King of the Hill
April, 1984
When the shooting was over, Frank Furillo took off his three-piece gray suit and white shirt and black tie and once again, for a few short hours, became Dan Travanti. It was 9:30 P.M. on a workday that had begun 14 hours earlier. He put on a tan T-shirt and khaki running shorts and zipped out to his silver-blue Mercedes two-seater to leave the stars of Hollywood Boulevard for his home in Santa Monica.
The ample breasts that awaited him were soft and succulent. After such a long day, when a man needed them most, there they were, ready for the taking. "God," Travanti whispered, touching them tenderly, "they're good enough to eat.
"You see," he said, lifting the hot pot, "when you cook a chicken, always cook it breast down. Much juicier that way."
He smirked, ripped off a piece of white meat and savored it slowly. "Mmmm," he said. "This baby, she's a good one."
For Daniel J. Travanti, star of Hill Street Blues, it was just another one of those wild showbiz nights. After he finished with the chicken he'd started cooking that morning, he went up to his study and wrote some checks to pay some bills. Then he jumped onto his stationary bike to do ten tough miles. Somewhere out there in the Hollywood hills, there were parties going on, where people drank and did drugs and talked about taking meetings. But that's not Travanti's style. He'd rather spend what was left of the night with an old friend--his bike.

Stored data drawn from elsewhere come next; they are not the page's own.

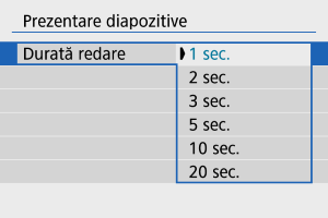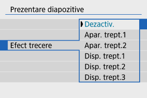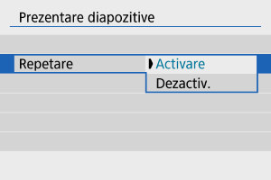 - Setaţi [Durată redare], [Repetare] (repetare redare) şi [Efect trecere] (efectul când se schimbă imaginea) pentru fotografii.
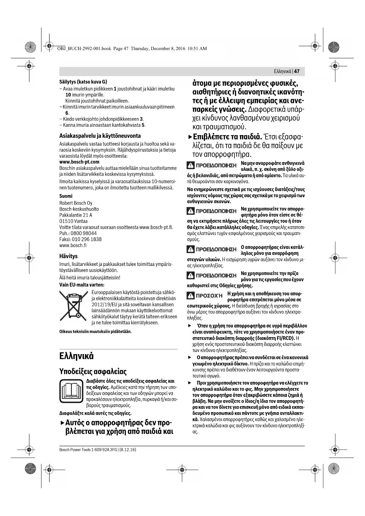 OBJ_BUCH-2992-001.book Page 47 Thursday, December 8, 2016 10:51 AM48 | Ελληνικά 1 609 92A 3FG | (8.12.16) Bosch Power Tools Να βγάζετε το φις από την πρίζα πριν συντηρήσετε ή κα- θαρίσετε το αποροφητήρα, πριν διεξάγετε κάποιες ρυθ- μίσεις σ’ αυτόν, ή όταν πρόκειται να αλλάξετε κάποια εξαρτήματά του καθώς καθώς και πριν τον διαφυλάξετε ή αποθηκεύσετε. Αυτό το προληπτικό μέτρο εμποδίζει την αθέλητη εκκίνηση του απορροφητήρα. Να φροντίζετε να υπάρχει καλός αερισμός στον χώρο που εργάζεστε. Να δίνετε τον απορροφητήρα για επισκευή από άριστα ειδικευμένο προσωπικό. Έτσι εξασφαλίζεται η διατήρηση της ασφάλειας του απορροφητήρα. Πριν αρχίσετε την εργασία σας να διαβεβαιώνεστε πά- ντοτε ότι ο σωλήνας αναρρόφησης βρίσκεται σε άριστη κατάσταση. Όταν διεξάγετε τον αντίστοιχο έλεγχο να αφήνετε το σωλήνα αναρρόφησης πάντοτε συναρμολο- γημένο στον απορροφητήρα για να εμποδίσετε έτσι την κατά λάθος διαφυγή σκόνης. Διαφορετικά μπορεί να ει- σπνεύσετε σκόνη. Να μην καθαρίζετε τον απορροφητήρα με κατευθείαν υδροβολή. Η διείσδυση νερού στο άνω τμήμα του απορρο- φητήρα αυξάνει τον κίνδυνο ηλεκτροπληξίας.
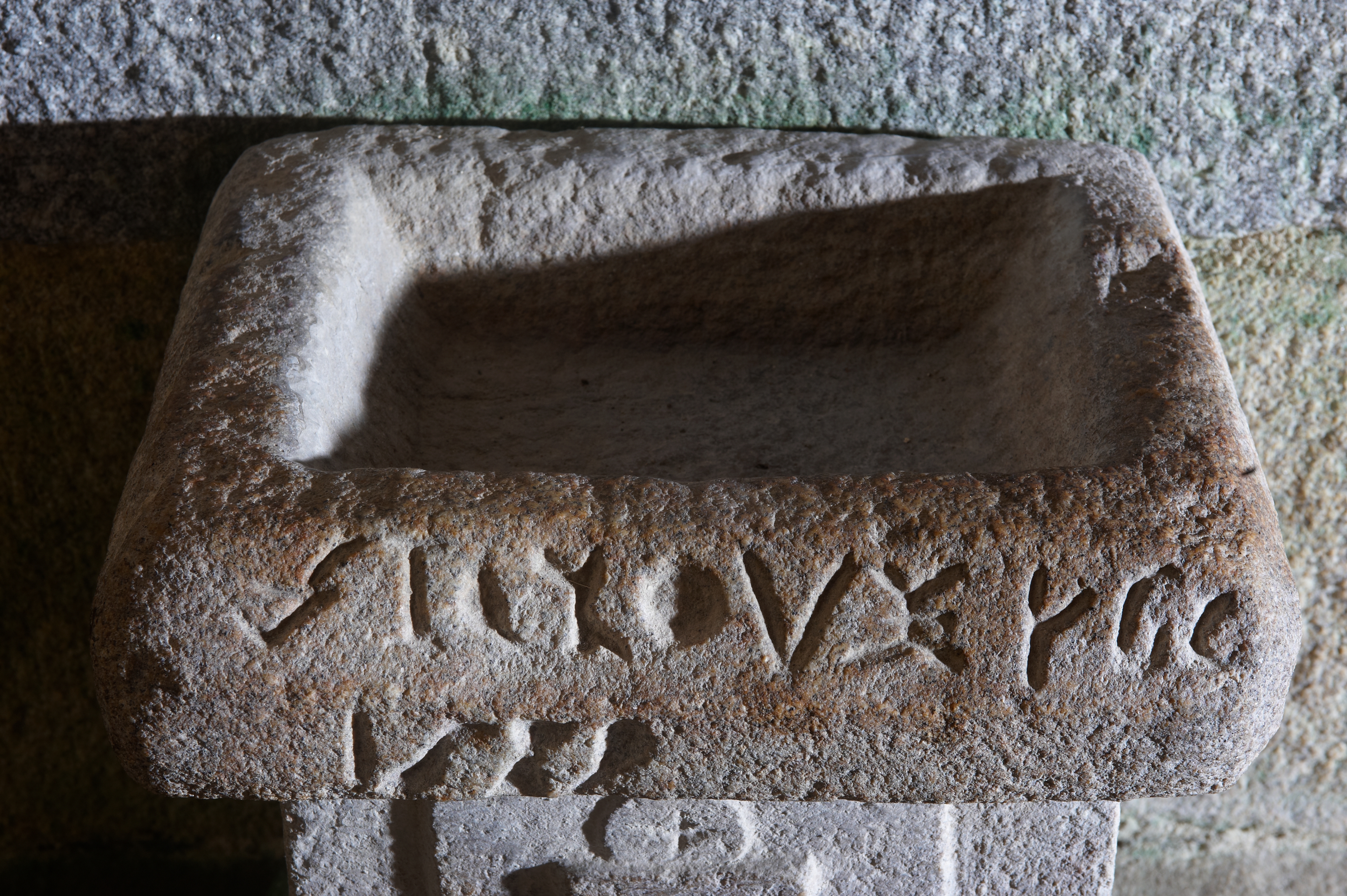 Rospez, le bourg : église paroissiale, détail des inscriptions et du millésime sur le bénitierImmatriculation

"The bike helped save my life," he says, breaking into a slight sweat. "During the idle days of my career, I'd just get on the bike and ride and dream. That's when I started taking care of myself. I had coasted for a long time. I'd smoked and drunk way too much. I was on the way out. In big trouble. See, I'm the kind of guy who can't sit still. People don't know that about me when they watch Furillo. But I'm acting. That guy's very self-contained, and I'm not. It was six years ago that I started channeling my energy, six years ago that I stopped feeling sorry for myself and started going to the gym. And look at me now."
He is a solid sight--much bigger than he appears on the screen, even in the bedroom scenes. At 6'1", 190 pounds, his weight is almost all muscle. A former football player, he has the shoulders of a linebacker, the thighs of a wide receiver. And a stomach like a rock. He pounds it a lot, proudly. The only signs of his 43 years are a few wiry gray hairs. He doesn't worry about them, though. He has plenty of other things to keep him busy now--his exercising, his cooking ("Make sure the skin is off the chicken"), his gardening (the roses he planted should be in fullest bloom soon) and the reading and writing of short stories (John Cheever is a favorite).

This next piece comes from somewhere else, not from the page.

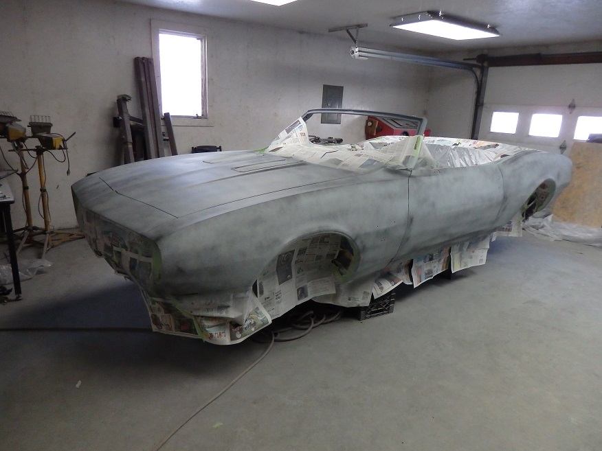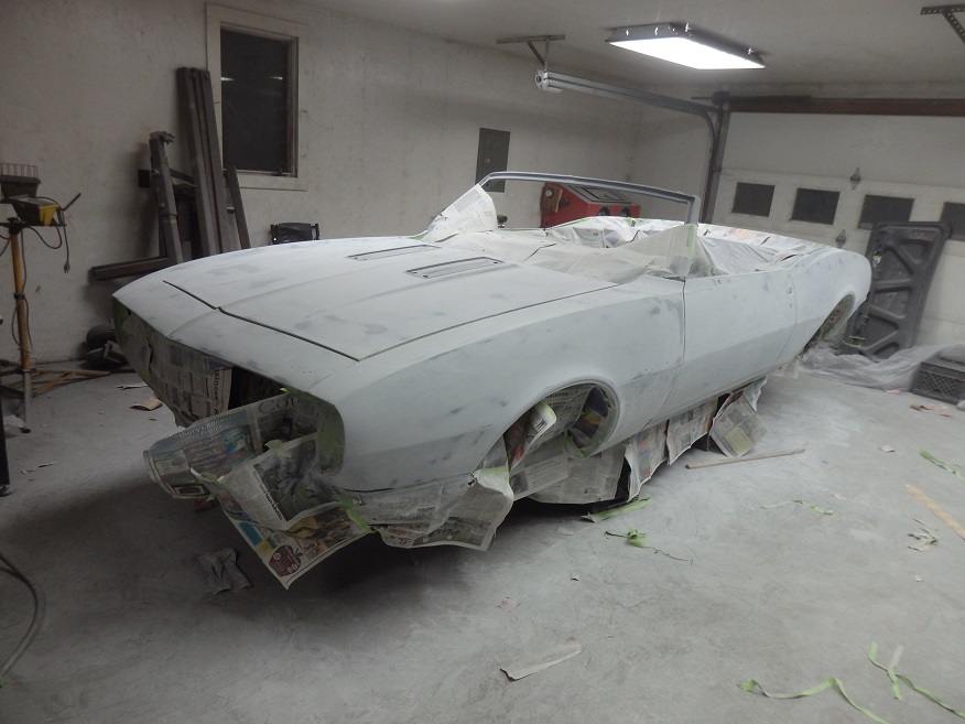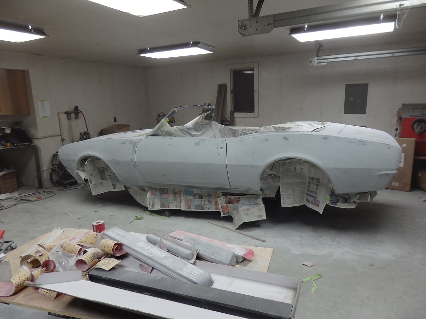 With blocking done, I primed the car with DP50LF Epoxy primer again. This time I added a little more reducer so that the primer would lay down flatter. Basically it was mixed as a sealer. At this point the car looks great. There are no defects that need repairing. It is simply sand and paint. Though that has it own challenges. |

His house is very comfortable, though modest by Hollywood standards. It's a simple two-story built in 1926, in a residential section of Santa Monica, a mile and a half from the beach. The oak floors are highly polished. The furniture is mostly modern--polished cottons, leather and chrome--mixed with some English and Irish antiques. Upstairs, at one end of the almost all-white bedroom, the one with the fully mirrored wall, are two walk-in closets. He's a bit of a clotheshorse, this Travanti. There are 42 pairs of shoes lined up next to the European-style sports jackets that Frank Furillo would never wear. A tan Armani bomber jacket hangs next to a navy Hill Street Blues satin one.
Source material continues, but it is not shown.